EXERCISE OBJECTIVE —
In the records below, the lines between the one holding "把提前拿出来解冻的塔皮(据说" and the one holding "Fiat G 212, olio", inclusive, are to be transcribed exactly; no pictures are to be included.

MATERIAL SHOWN —

══════════

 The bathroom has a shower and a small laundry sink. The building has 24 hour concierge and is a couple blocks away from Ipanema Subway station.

══════════

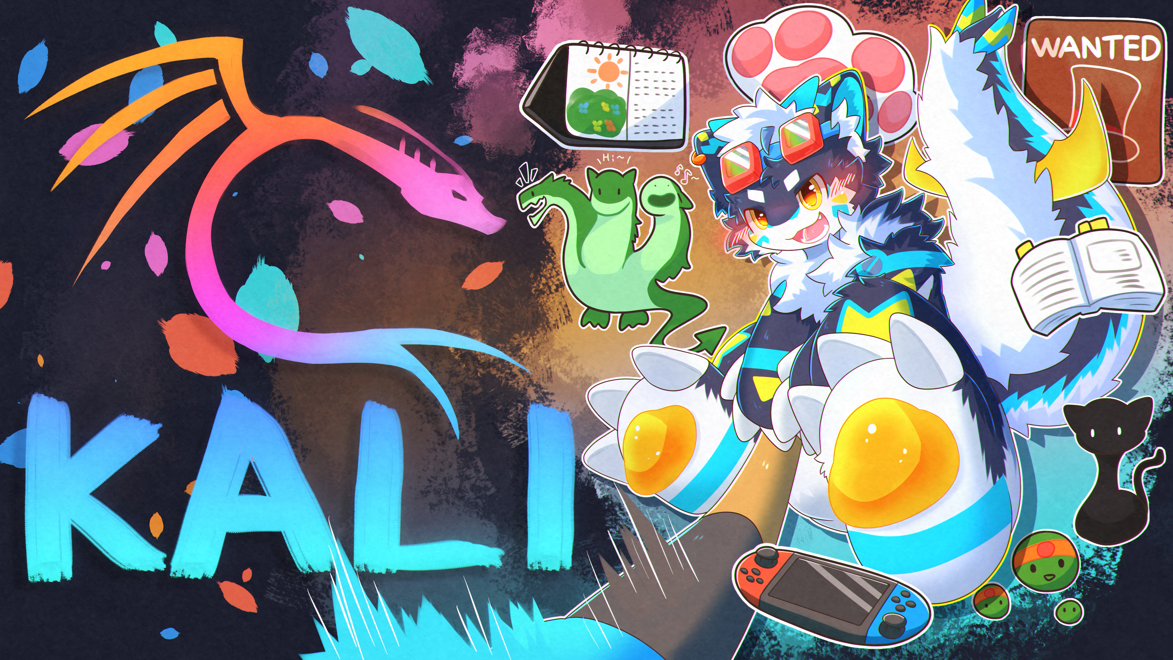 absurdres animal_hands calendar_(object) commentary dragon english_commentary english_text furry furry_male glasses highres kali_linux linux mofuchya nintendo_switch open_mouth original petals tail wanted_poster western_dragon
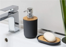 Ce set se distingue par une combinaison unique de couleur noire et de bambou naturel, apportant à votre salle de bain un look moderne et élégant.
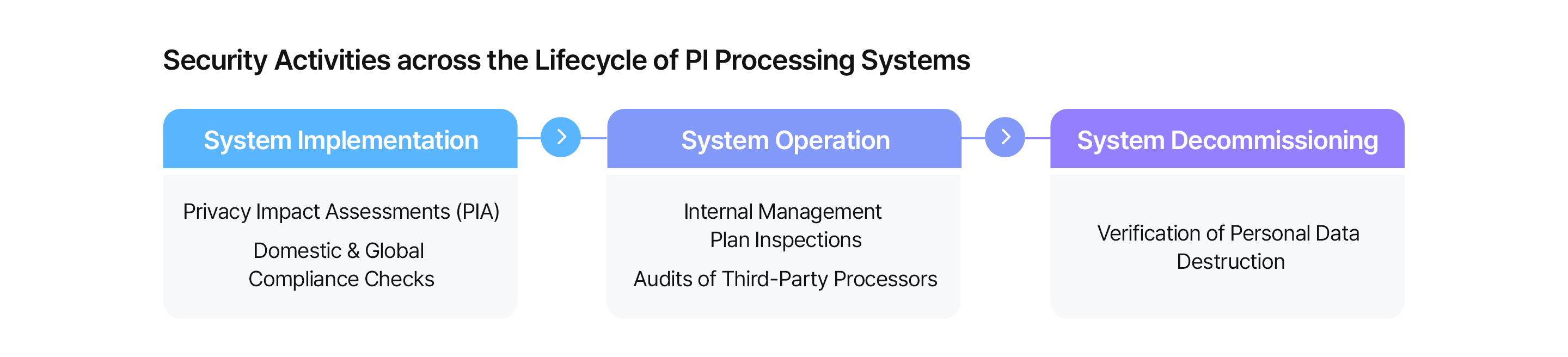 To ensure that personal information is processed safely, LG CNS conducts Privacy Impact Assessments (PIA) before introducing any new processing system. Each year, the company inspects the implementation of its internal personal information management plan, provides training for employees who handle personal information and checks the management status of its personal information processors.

══════════

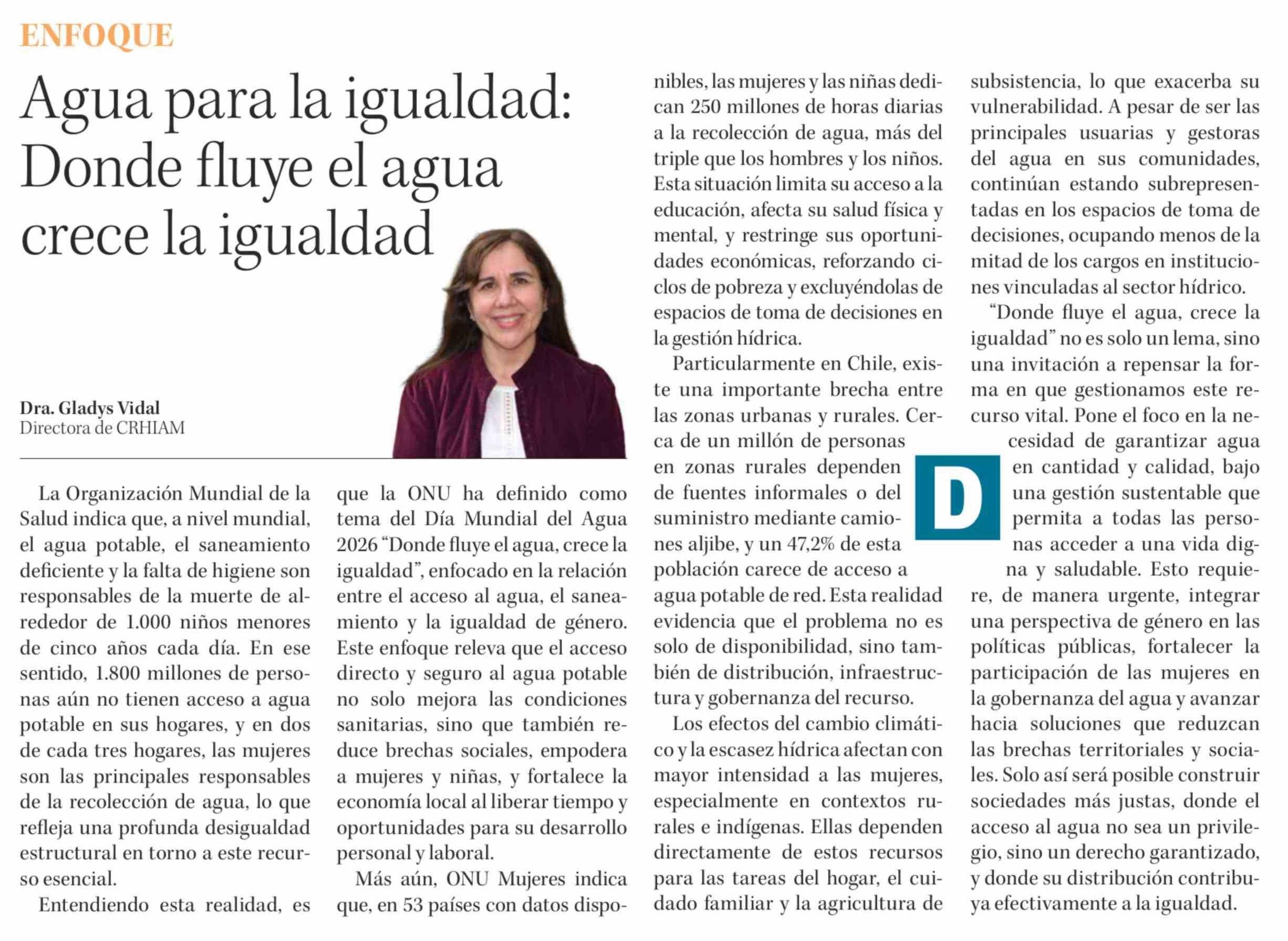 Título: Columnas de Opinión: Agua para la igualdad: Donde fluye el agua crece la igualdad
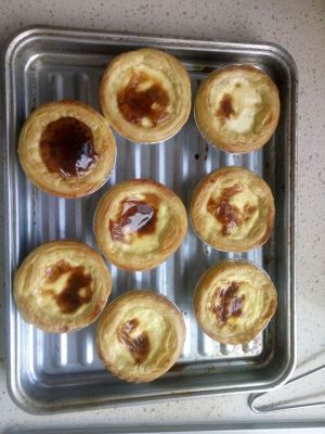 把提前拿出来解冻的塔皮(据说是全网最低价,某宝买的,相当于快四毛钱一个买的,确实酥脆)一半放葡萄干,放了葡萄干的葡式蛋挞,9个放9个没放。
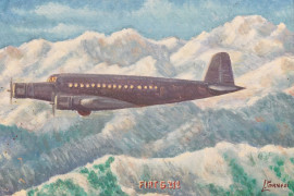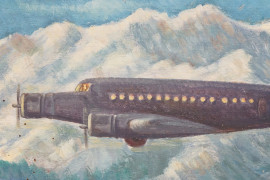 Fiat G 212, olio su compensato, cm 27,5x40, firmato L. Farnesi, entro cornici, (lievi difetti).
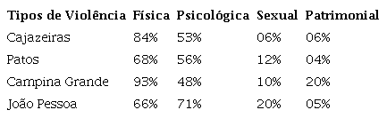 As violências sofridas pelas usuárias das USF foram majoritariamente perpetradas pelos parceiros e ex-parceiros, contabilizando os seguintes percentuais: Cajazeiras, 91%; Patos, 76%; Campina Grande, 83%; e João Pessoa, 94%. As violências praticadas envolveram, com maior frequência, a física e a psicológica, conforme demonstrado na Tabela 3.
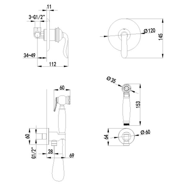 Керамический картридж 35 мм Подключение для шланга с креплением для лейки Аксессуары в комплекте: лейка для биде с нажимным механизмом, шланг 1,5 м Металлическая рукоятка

══════════

TASK RESULT —
 把提前拿出来解冻的塔皮(据说是全网最低价,某宝买的,相当于快四毛钱一个买的,确实酥脆)一半放葡萄干,放了葡萄干的葡式蛋挞,9个放9个没放。
 Fiat G 212, olio su compensato, cm 27,5x40, firmato L. Farnesi, entro cornici, (lievi difetti).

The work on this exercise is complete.